Louis-Philippe Estachy était né à Gap le 1er mai 1845. Pendant la guerre de 1870 il avait rendu, dans une ambulance, des services qui lui avaient mérité la croix de la Légion d’honneur.
Titulaire des di­plô­mes de licencié en droit et de docteur en médecine, il avait opté pour la médecine. Il avait exercé d’abord à Meyrargues, dans les Bouches-du-Rhône, de 1872 à 1879. Puis il avait transporté son cabinet à Pertuis. Il avait laissé dans sa première résidence la réputation d’un praticien habile, mais d’un homme violent, vindicatif, peu scrupuleux et d’une moralité douteuse. Marié en 1872 à une jeune fille de Marseille, il s’était comporté à son égard de telle sorte qu’elle avait dû abandonner le domicile conjugal. Elle avait obtenu sans peine, en 1875, la séparation de corps, puis était morte.
Médecin et son patient au XIXe siècle. H. Daumier. DR.
Médecin et son patient au XIXe siècle. H. Daumier. DR.

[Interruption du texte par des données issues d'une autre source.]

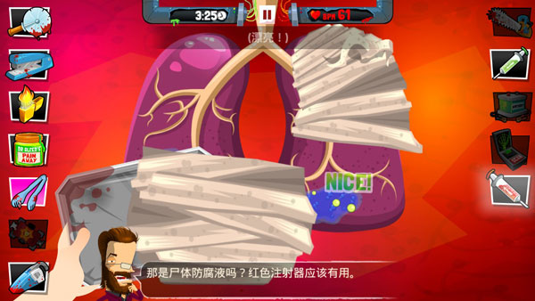 3、游戏为玩家们提供了十二中手术器械,包括披萨刀、订书机、打火机、镊子、电锯等等,这些东西在现实中肯定是无法作为手术器材的

À Pertuis, l’opinion publique n’avait guère tardé à porter sur le compte de ce singulier personnage le même jugement qu’à Meyrargues. Singulier personnage en vérité ! Ainsi, le docteur Estachy voyageait en chemin de fer sans payer sa place, ou bien il montait en seconde classe, en première même, avec un billet de troisième. Et quand il se voyait guetté au contrôle, il passait par le buffet dont il connaissait le propriétaire.
Ce fut à la fin de l’année 1881 que le docteur Tournatoire entra en scène. Originaire de La Tour-d’Aigues, grosse commune de Vaucluse, ce jeune médecin vint s’établir à Pertuis et le docteur Estachy en prit ombrage.
Il en conçut même un ressentiment d’autant plus redoutable qu’il sut bien le dissimuler.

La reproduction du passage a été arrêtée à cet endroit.